Positively Dickensian
This year’s A Christmas Carol on the BBC makes a strong case for the revival of Dickensian as a campaigning idiom, although it characteristically baulks at the revolution it objectively indicates. As fuming Spectator columnists were quick to recognise, it’s pretty on the nose: Scrooge and Marley’s rapacious parsimony causes not only a pit tunnel collapse in a Welsh coal mine, but also an infernal gas-explosion disaster best described as “Victorian Grenfell”.
In this version, the role of the Spirits is to indicate - they point, forwards, backwards and all around, putting their fingers on salient features of the times. “Spirit” here is not cloudy mystification but sharp pointing, needles and pins.
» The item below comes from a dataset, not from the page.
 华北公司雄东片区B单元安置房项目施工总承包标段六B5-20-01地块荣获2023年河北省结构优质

This, here, and this, here, and this, here. “The intimate inspection of your heart and your soul”, but also of the shaping circumstances of that blighted interiority, and the widening circle of consequences.
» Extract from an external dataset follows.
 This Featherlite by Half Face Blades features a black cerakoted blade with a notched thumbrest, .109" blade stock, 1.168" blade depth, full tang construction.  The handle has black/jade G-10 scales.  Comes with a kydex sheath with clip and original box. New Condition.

We have a Scrooge, an “object in the shape of a man”, morally obliterated in childhood (his school fees paid via a nefaripus arrangement between his father and a paedophile schoolmaster), and rehabilitated through his own fugitive tenderness towards vulnerable lives (unobserved, without expectation of reward, he places a blanket on a shivering horse, echoing perhaps the fabled moment of Nietzsche’s breakdown), those presumed non-combatant in the war of all against all. The task of the Spirits is to circumvent the closed loop of Scrooge’s self-hatred, to construct a counter-proof to his proof that self-interest dominates universally (and thus that he cannot as a child have had any claim to the care or protection of others).
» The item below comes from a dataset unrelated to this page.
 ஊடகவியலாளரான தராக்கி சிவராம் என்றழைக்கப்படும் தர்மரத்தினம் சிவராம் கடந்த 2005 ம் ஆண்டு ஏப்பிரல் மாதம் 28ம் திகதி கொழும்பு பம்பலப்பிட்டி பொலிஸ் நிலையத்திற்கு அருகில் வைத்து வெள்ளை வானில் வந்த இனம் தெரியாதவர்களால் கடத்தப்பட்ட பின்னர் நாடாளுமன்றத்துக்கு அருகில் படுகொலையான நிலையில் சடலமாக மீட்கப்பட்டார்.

This is the Dickensian moral figure: Scrooge must be moved to pity, not so that he recognises that it is virtuous to condescend to those less fortunate, but so that he can recognise his own formative harms as not inevitable, not dictated by the iron law of things. It is not only a question of piercing the hardened heart of a miser, but of dismantling a system of justification forged as a way of rationalising injury — “axioms to him who’d never heard / of any world where promises were kept / or one could weep because another wept”.
I may have something else to say about the place of “spirit” in all this presently. This was very much more a pagan than a Christian Carol (although the first Spirit may have worn a crown of thorns), the world of spirit centering on a blazing bonfire in the midst of a bleak midwinter, which reminded me a great deal of the 1980s BBC adaptation of John Masefield’s The Box of Delights: there is a visual language which belongs to the genre we might call “spooky BBC Xmas programming”. Of course this is also Christian — a light shining in the darkness, which comprehendeth it not — but it is a decidedly un-demythologised Christianity, in which the connection between spirit and truth is that between subterranean hidden forces which must come to light, rather than a divine inspiration shining down from above.